___ INPUT RECORDS
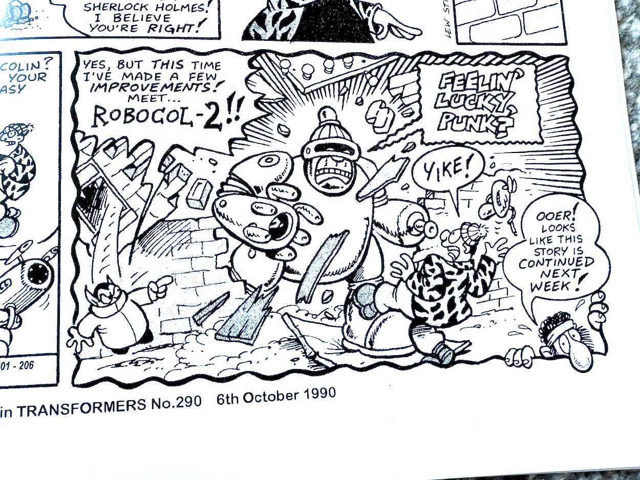 Light on plot but heavy on the action, character moments and throwing in a few laughs, it reads very much like one of writer Simon Furman’s monochrome strips from the latter part of the UK comic’s run. Anyone who followed along with my real time read through of the original comic will know this isn’t a complaint, far from it in fact. It’s a brill little strip, and to complete that UK comic flavour it’s even drawn by Geoff Senior (and kudos to Richard Starkings and John Gaushell’s letters below and Sarra Mossoff’s excellent colours).
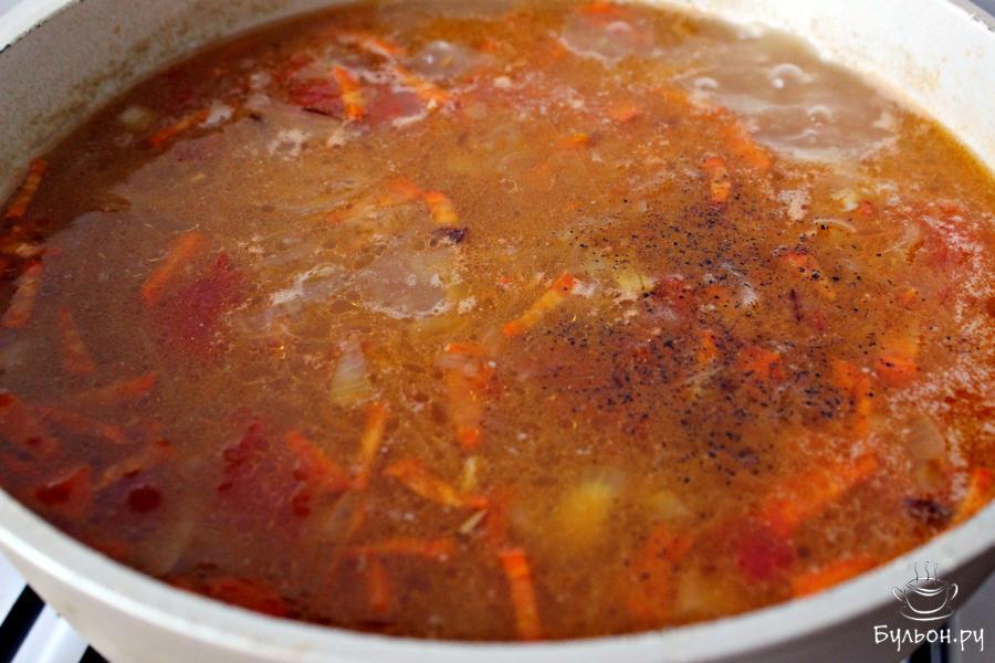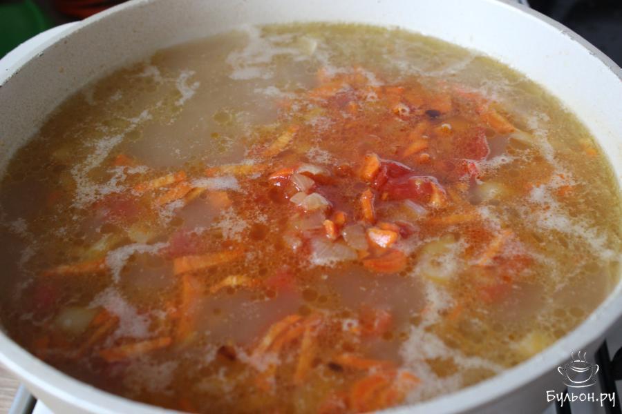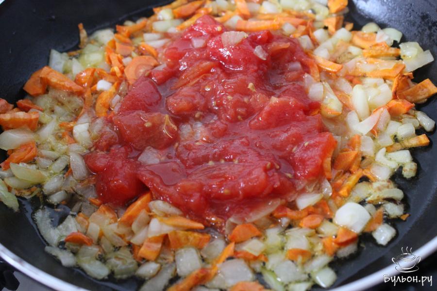 6. Лук порезать кубиками, морковь соломкой. Обжарить овощи на растительном масле. Добавить томаты в собственном соку или пару столовых ложек томатной пасты.
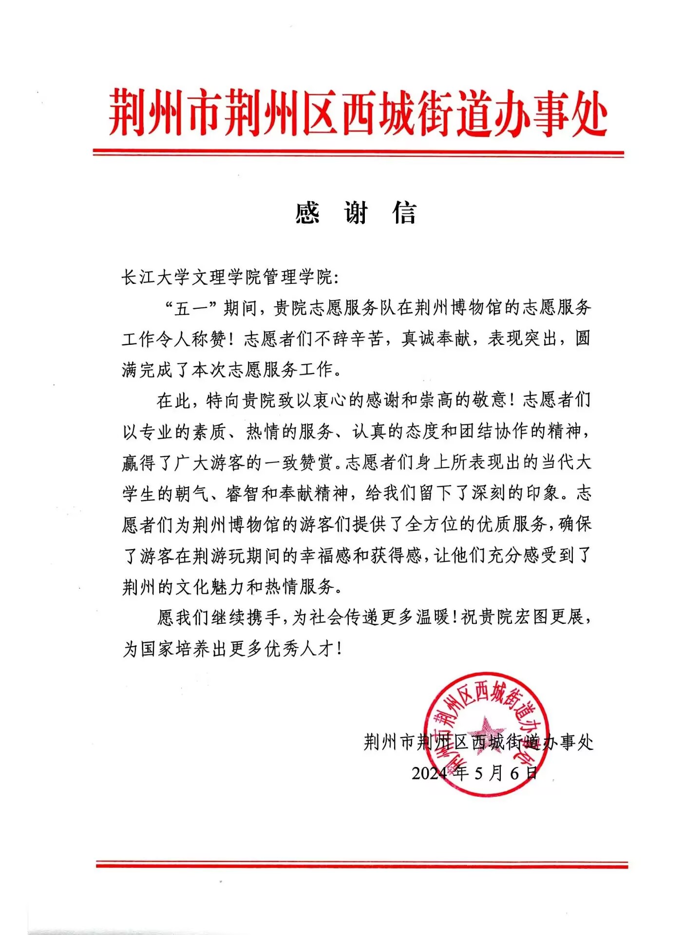 本网讯 近日,太阳集团tyc9728管理公司收到了一封来自荆州市荆州区西城街道办事处的感谢信,信中表达了对公司老员工志愿者的高度赞扬与诚挚谢意,感谢她们“五一”期间在荆州博物馆的志愿服务工作中不辞辛苦,真诚奉献,以专业的素质、热情的服务、认真的态度和团结协作的精神为游客提供了全方位的优质服务,为荆州文旅贡献了青春力量。
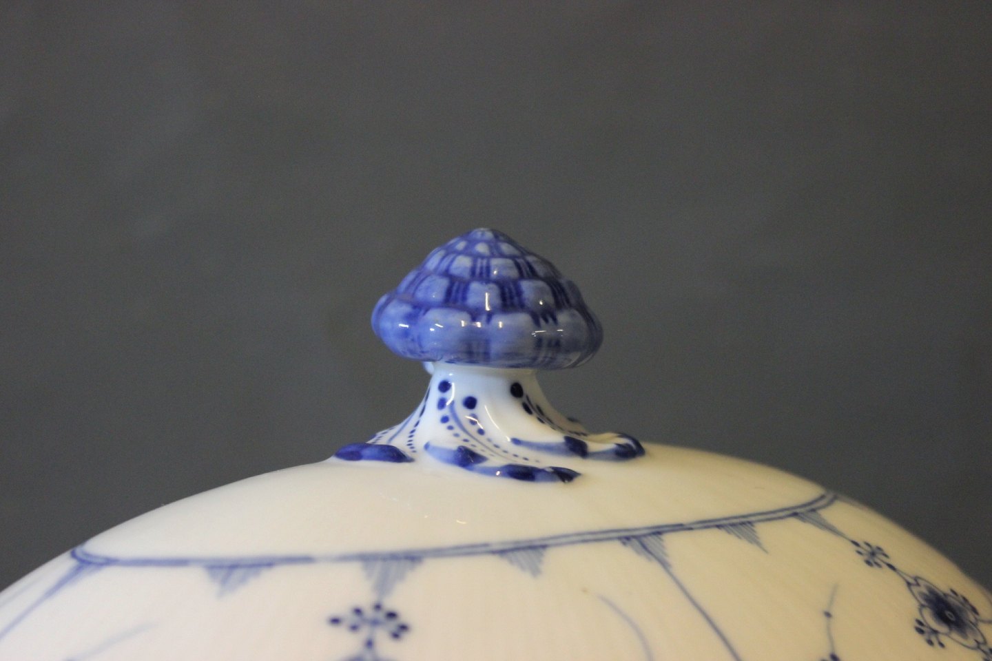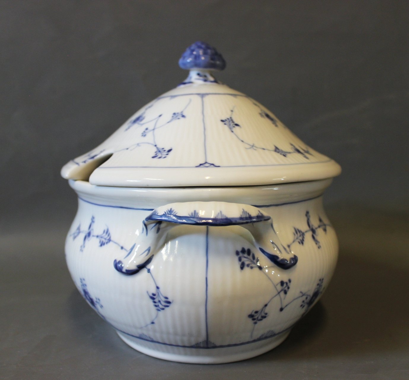 SolgtKgl. Musselmalet riflet stor terrin, nr.: 1/215.
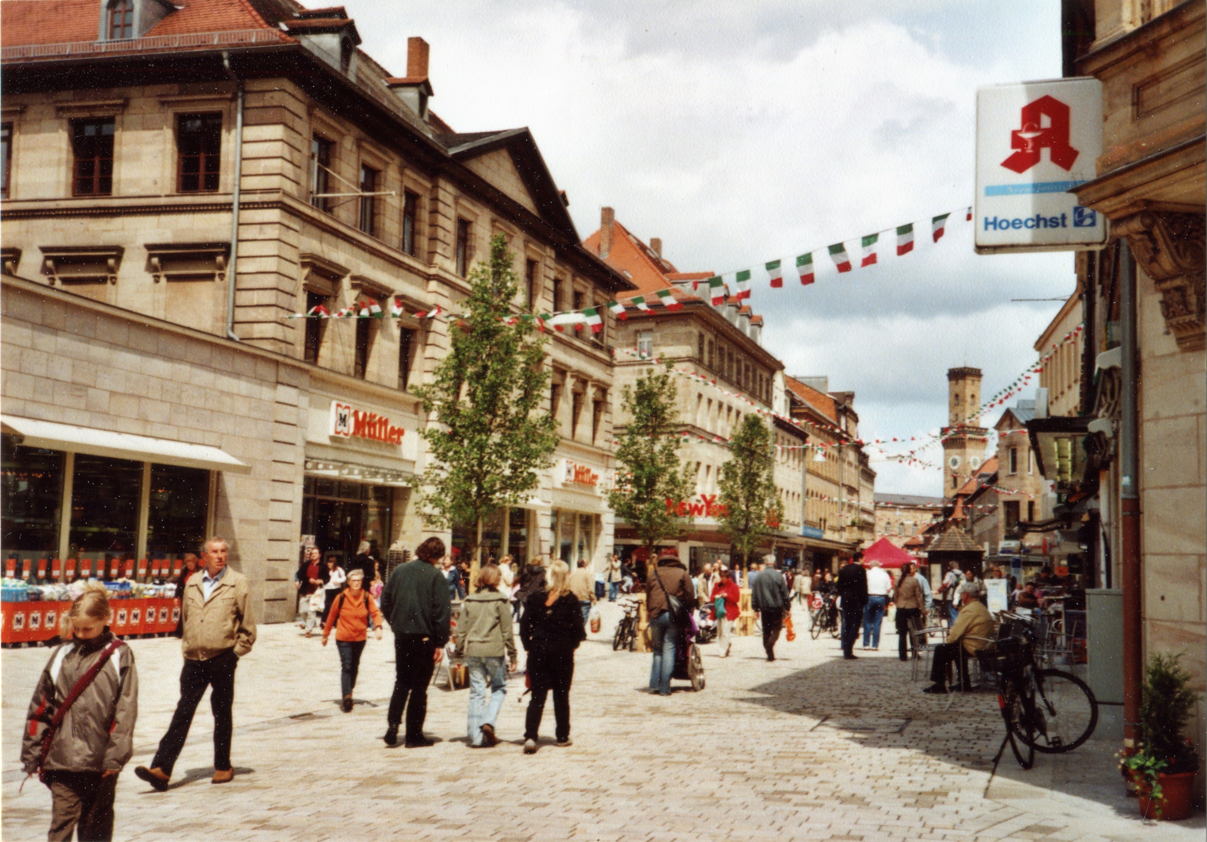 BeschreibungBlick in die untere Schwabacher Straße mit Gebäude links Schwabacher Straße 28, 30 und Schwabacher Straße 26 und fertig gepflasterte Fußgängerzone im Mai 2007
______
◆ WHAT YOU ARE ASKED TO DO ◆
All of the entries above should be retyped exactly, with the pictures left out.

◆ FINAL ANSWER ◆
 Light on plot but heavy on the action, character moments and throwing in a few laughs, it reads very much like one of writer Simon Furman’s monochrome strips from the latter part of the UK comic’s run. Anyone who followed along with my real time read through of the original comic will know this isn’t a complaint, far from it in fact. It’s a brill little strip, and to complete that UK comic flavour it’s even drawn by Geoff Senior (and kudos to Richard Starkings and John Gaushell’s letters below and Sarra Mossoff’s excellent colours).
 6. Лук порезать кубиками, морковь соломкой. Обжарить овощи на растительном масле. Добавить томаты в собственном соку или пару столовых ложек томатной пасты.
 本网讯 近日,太阳集团tyc9728管理公司收到了一封来自荆州市荆州区西城街道办事处的感谢信,信中表达了对公司老员工志愿者的高度赞扬与诚挚谢意,感谢她们“五一”期间在荆州博物馆的志愿服务工作中不辞辛苦,真诚奉献,以专业的素质、热情的服务、认真的态度和团结协作的精神为游客提供了全方位的优质服务,为荆州文旅贡献了青春力量。
 SolgtKgl. Musselmalet riflet stor terrin, nr.: 1/215.
 BeschreibungBlick in die untere Schwabacher Straße mit Gebäude links Schwabacher Straße 28, 30 und Schwabacher Straße 26 und fertig gepflasterte Fußgängerzone im Mai 2007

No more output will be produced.